## WHAT IS EXPECTED
The reply should consist solely of the lines from the one with "Điều hành chính" through the final line of the listing, copied exactly, with no pictures.

==== MATERIALS PROVIDED ====

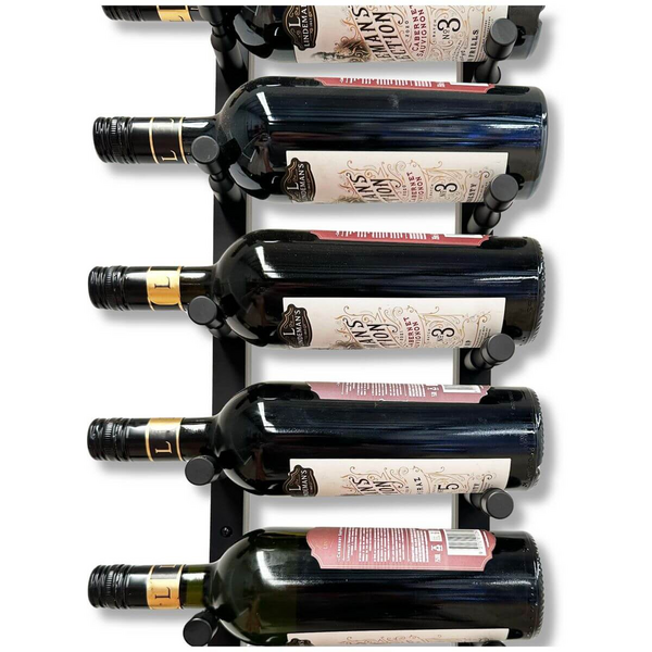 KingsBottle 9 Bottle Offset Peg Metal Rail Wall-Mounted Wine Rack RAIL0342-WPH03MBK
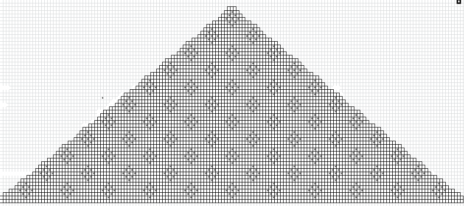 For å finne ut hvor stor dette trekantsjalet skulle være har jeg prøvd meg litt frem. Sjalet måler i starten 154 cm. Det strås veldig fort inn og er 54 cm høy. Det at det skrås fort inn er også noe som gjør dette trekantsjalet fint. Garnet jeg benyttet var Alpakka garn fra Nille som er av utsøkt kvalitet både når det gjelder utseende og passform. Det gikk med 4 nøster til dette trekantsjalet. Det går med nesten et halvt nøste til frynsene. Det går fint an å bruke andre garntyper. Da må en bare tilpasse slik at bredden på sjalet blir noenlunde lik. Det er bare å prøve seg frem. Jeg brukte heklenål nr. 3. Selve heklingen: Her er heklingen basert på filethekling. Dette betyr at enten er det er hull hvor det hekles kun to luftmasker mellom to staver, eller hullet fylles inn med to staver. I mellom disse hekles det en stav. Slik er det fullstendige mønsteret:
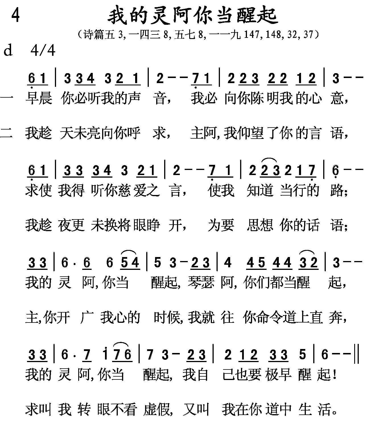 早晨你必听我的声音,我必向你陈明我的心意,求使我得听你慈爱之言,使我知道当行的路;我的灵啊,你当醒起,琴瑟啊,你们都当醒起,我的灵啊,你当醒起,我自己要极早醒起。
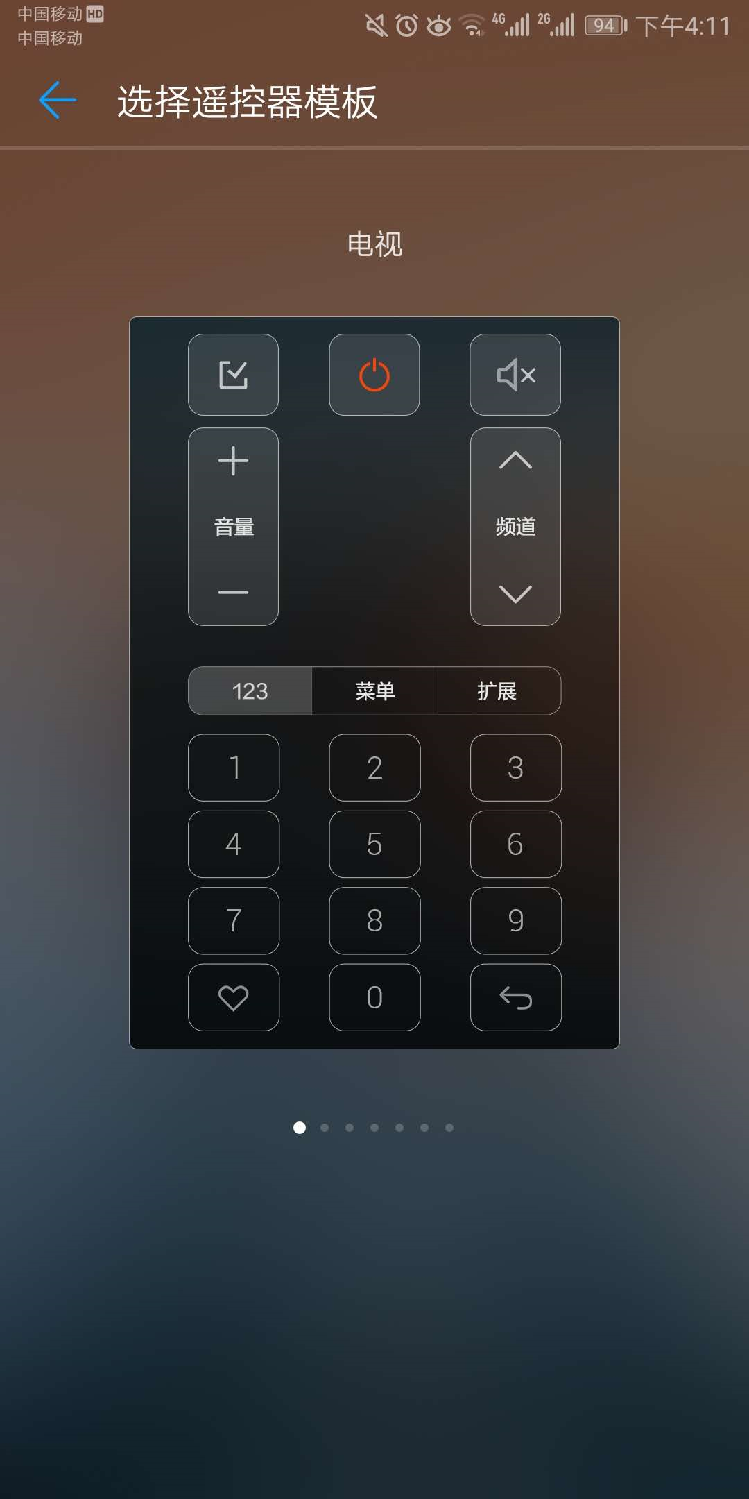 在【自定义】按钮中,可以根据自己的设备需求去更改遥控器模板。以电视为例,不管是点击中间的123还是菜单或者扩展,都会跳出不同的遥控器模板。
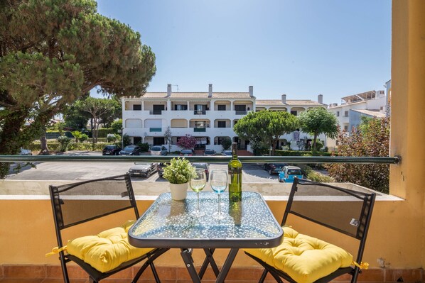 The beautiful holiday apartment Marjoh AL is located in the Quarteira district of Vilamoura, east of Albufeira, in the Algarve. The apartment features a living room, one bedroom and one bathroom, and can accommodate up to 3 people. The kitchen is well equipped with a dining table, toaster, microwave, blender, oven, coffee maker and fridge/freezer. Additional amenities include Wi-Fi, air conditioning and television. On the balcony, furnished with comfortable outdoor furniture, you can start your day with a delicious breakfast. The large shared pool with sun loungers invites you to cool off on hot days and enjoy relaxing hours in the sun. In the immediate vicinity of the apartment, you will find various restaurants, cafés and bars within walking distance (2 to 8 minutes). The nearest supermarket is just a 5-minute walk away (400 m). The beautiful and extensive Vilamoura beach is a 7-minute drive away (2.8 km). Vilamoura is known for its marina, golf courses and casino. The Cerro da Vila archaeological museum displays the ruins of a Roman villa, with baths and mosaics. Falésia beach, surrounded by red cliffs, stretches west towards the fishing village of Olhos de Água, about half an hour by car.
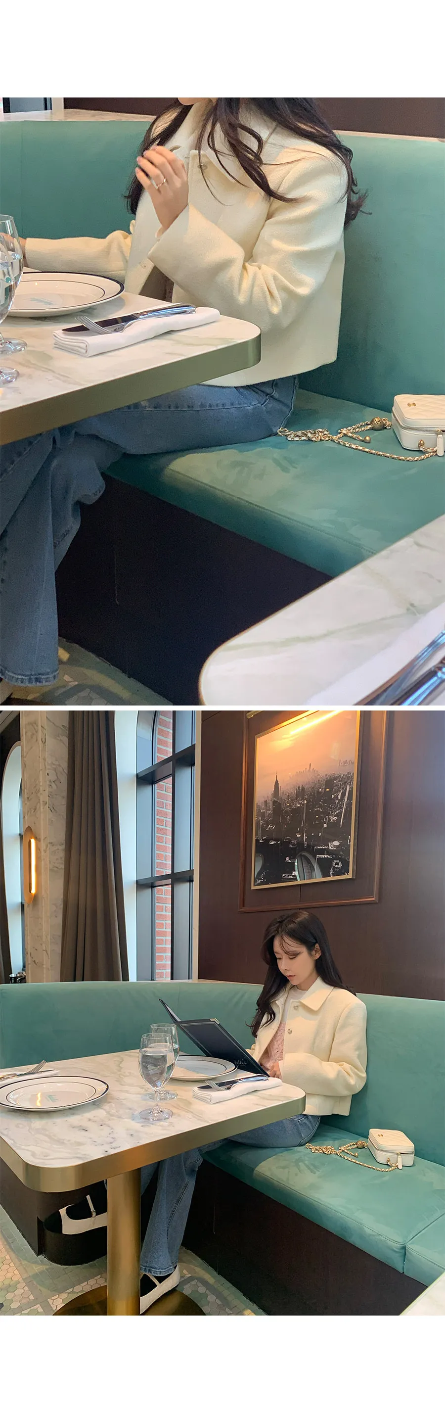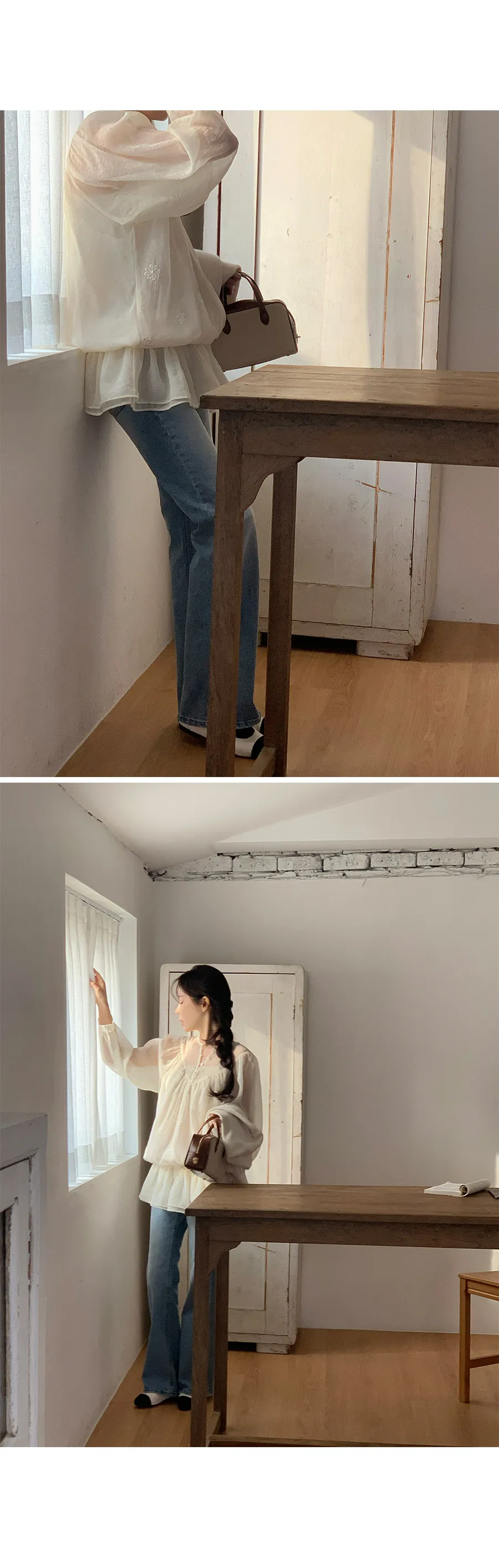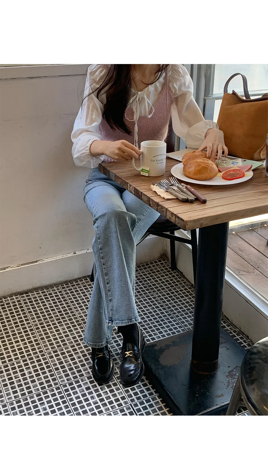 以淡藍色營造出明亮清澈的氛圍,並採用從膝蓋處略微向外展開的半靴型剪裁,打造出精緻的服裝!
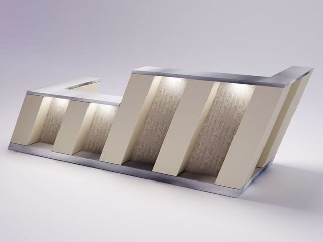 The Plano reception desk showcases a blend of silver and wooden tones in a sleek, horizontal pattern. The alternating panels create a rhythmic aesthetic, marrying the warmth of wood with the modernity of metal accents, ideal for a contemporary office welcoming area.
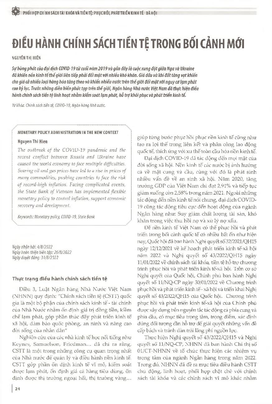 Điều hành chính sách tiền tệ trong bối cảnh mới = Monetary policy administration in the new context
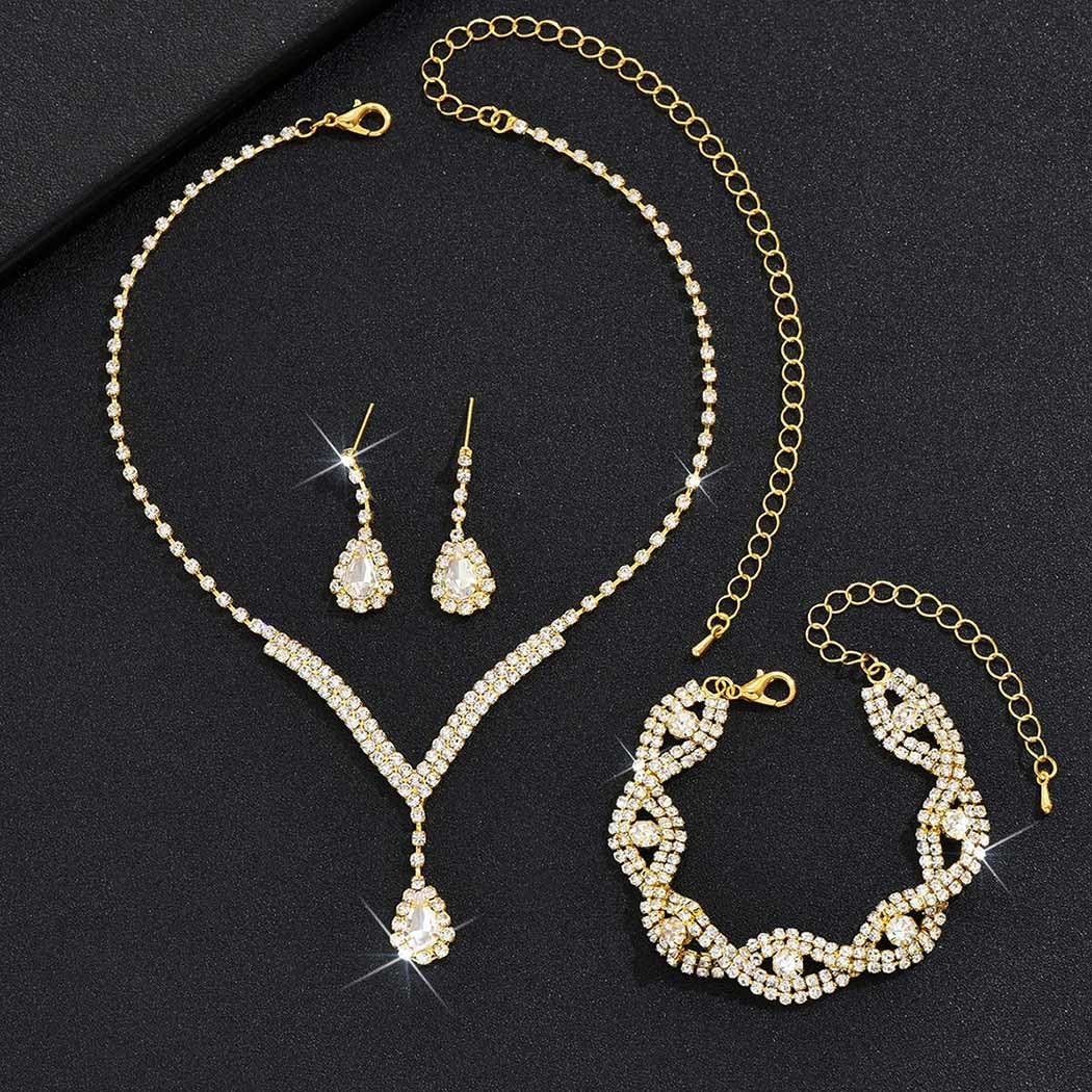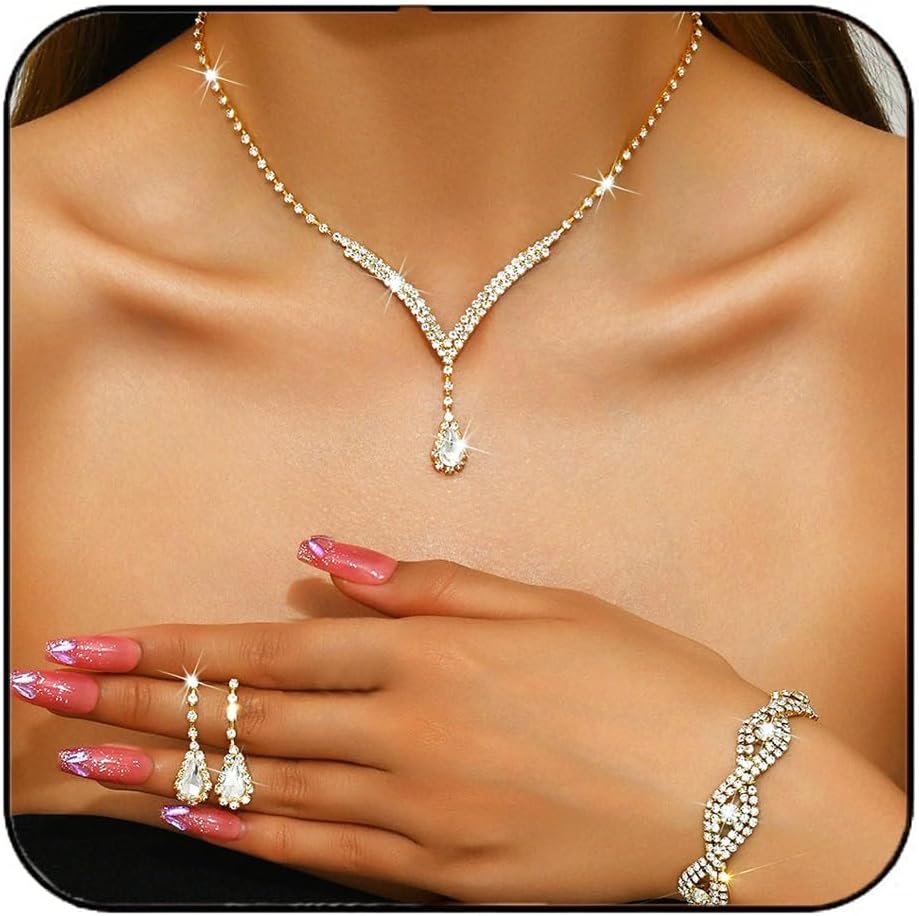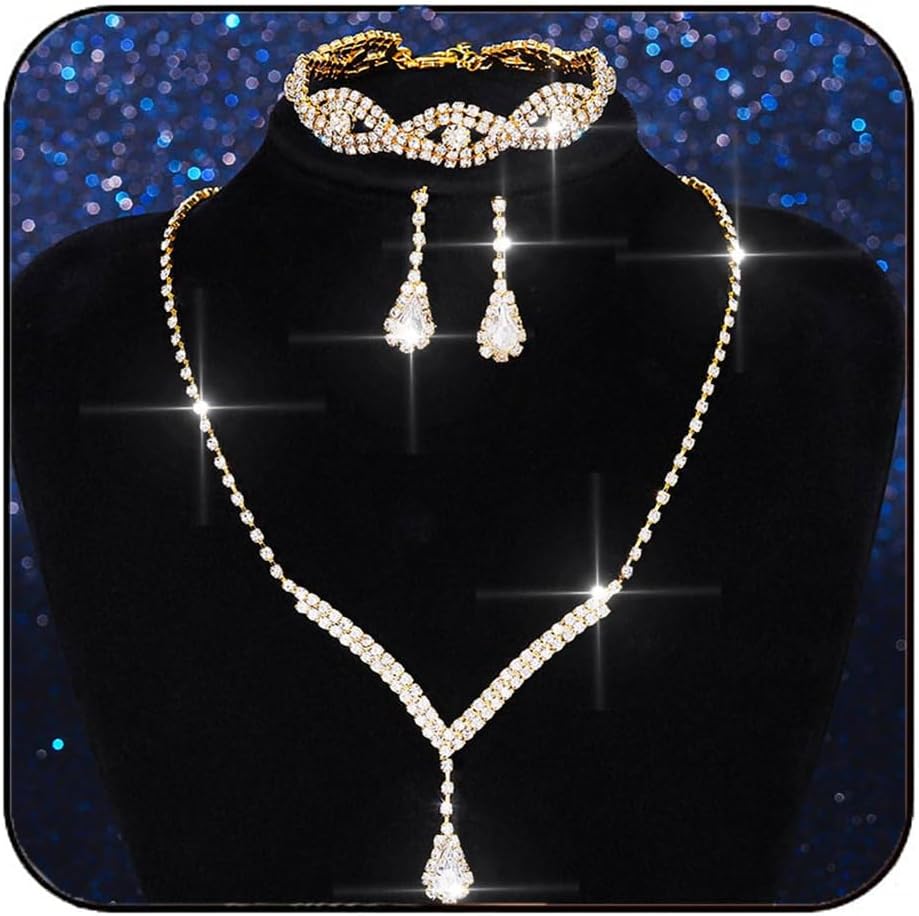 Aukmla Bridal Wedding Jewelry Set Rhinestones Wedding Necklaces Earrings Bracelet Sets Ctystal Prom Jewelry for Women and Brides
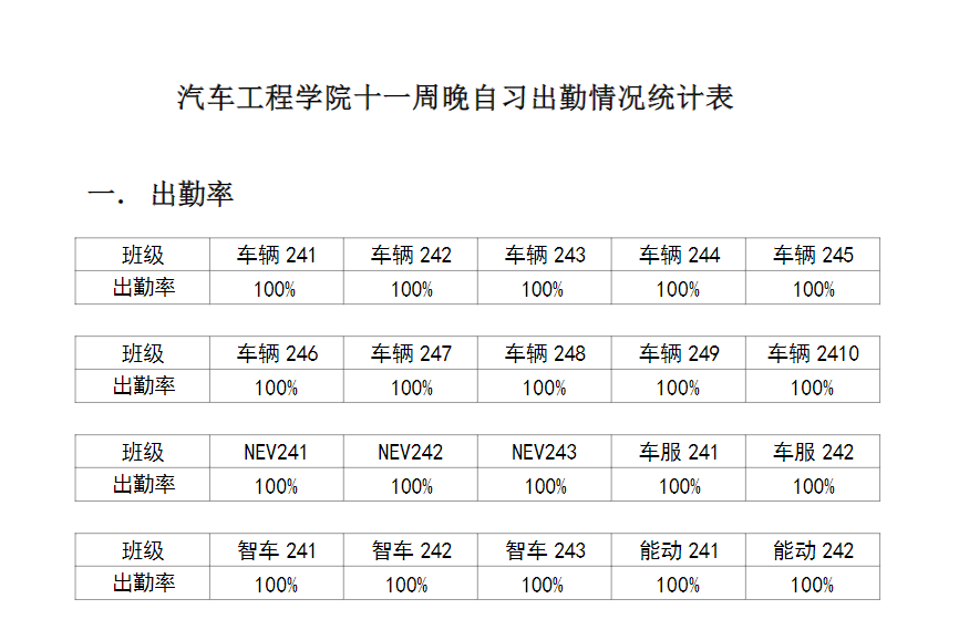 【督学正风】汽车工程学院2024-2025学年第二学期第十一周早自习出勤情况
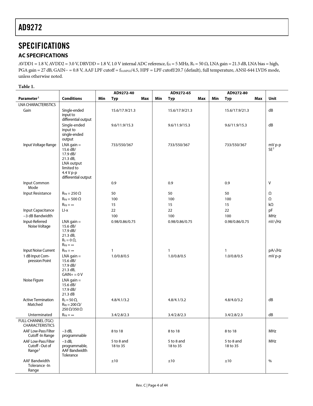AD9272. SPECIFICATIONS AC SPECIFICATIONS. Table 1. AD9272-40 AD9272-65 AD9272-80. Parameter1. Conditions. Min. Typ Max. Unit

====

## SOLUTION TO THIS EXERCISE
 Điều hành chính sách tiền tệ trong bối cảnh mới = Monetary policy administration in the new context
 Aukmla Bridal Wedding Jewelry Set Rhinestones Wedding Necklaces Earrings Bracelet Sets Ctystal Prom Jewelry for Women and Brides
 【督学正风】汽车工程学院2024-2025学年第二学期第十一周早自习出勤情况
AD9272. SPECIFICATIONS AC SPECIFICATIONS. Table 1. AD9272-40 AD9272-65 AD9272-80. Parameter1. Conditions. Min. Typ Max. Unit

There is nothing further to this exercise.